My mother died a few weeks ago.


And apart from one story on my socials sharing the news of her passing, and a blog post (or 3🤭), I have not spoken about it on social media. In fact, for the mourning period, I have not been active online.


Not because I am in denial.

Not because I am trying to be strong. (Only tables are meant to be strong, I am NOT).

Not because I loved her any less.


But because my grief feels too sacred for social media.


Ever noticed how the internet has trained us to perform grief publicly?


Someone dies, and within hours, there is:

  • a black-and-white picture

  • crying emojis

  • angel emojis

  • “rest in peace”

  • paragraphs poured straight from the heart

  • Instagram stories

  • tribute videos

  • sympathy comments

and then… likes.


Hundreds and hundreds of likes.


And I know that for some people, public grief is healing. I genuinely do understand that. Some people feel held by their community in that way, and there is absolutely nothing wrong with that.


But for me? I could not do it. (What I really wanted to write here was “give me zero Shem”🤣 but that’s maybe too niche a reference).


Something about reducing the biggest loss of my life into content that people consume in seven seconds and “like” before scrolling to a makeup tutorial or a recipe video felt unbearable to me.


My grief refuses to flatten itself into something consumable.


I do not want the internet comforting me with heart emojis.

I do not want people I have not spoken to in six years typing “stay strong dear.”

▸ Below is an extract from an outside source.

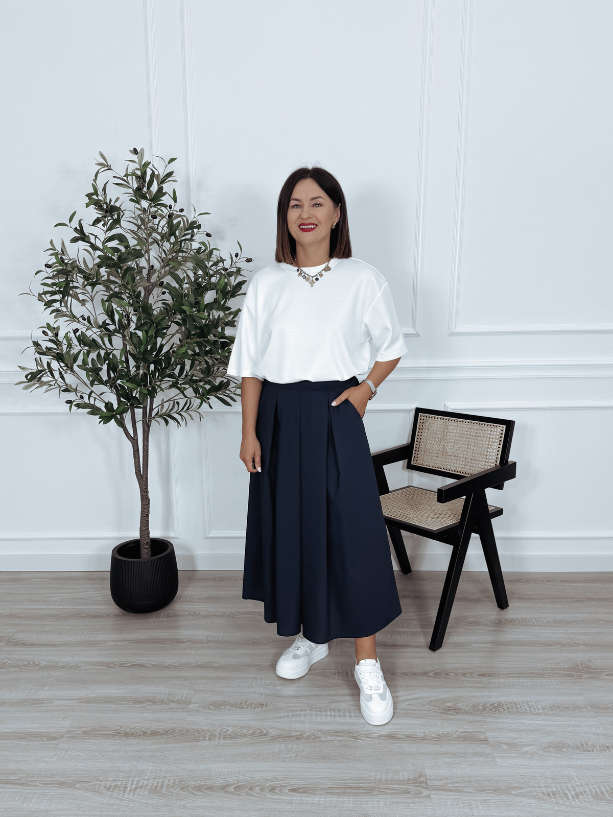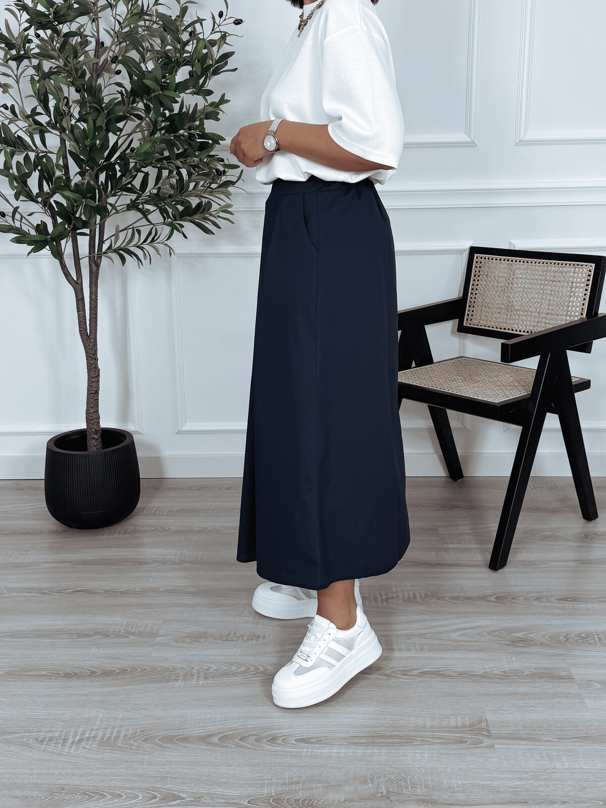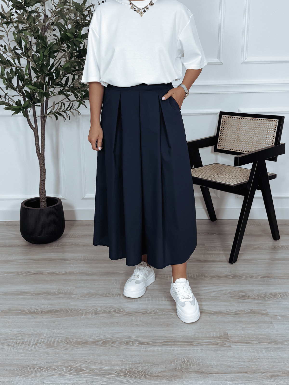 Spódnica uszyta ze 100% bawełny. W pasie elastyczna gumka z tyłu. Posiada kieszenie oraz szerokie plisy🖤

I do not want my mother’s death to become engagement.


Maybe that sounds harsh, but grief has made me deeply protective over certain things.


And one of those things is privacy in mourning.


The truth is, I actually love being visible on social media. I love beauty. I love documenting my life (in fact, before you continue reading, go follow my Instagram: @tubainnairobi). I love sharing joy. I love a good caption and aesthetically pleasing photos and soft lighting and beautiful experiences and playful bragging like my mum did. (My Nairobi friends are tired of hearing me say “I’m better than you” 🤣🤣🤣)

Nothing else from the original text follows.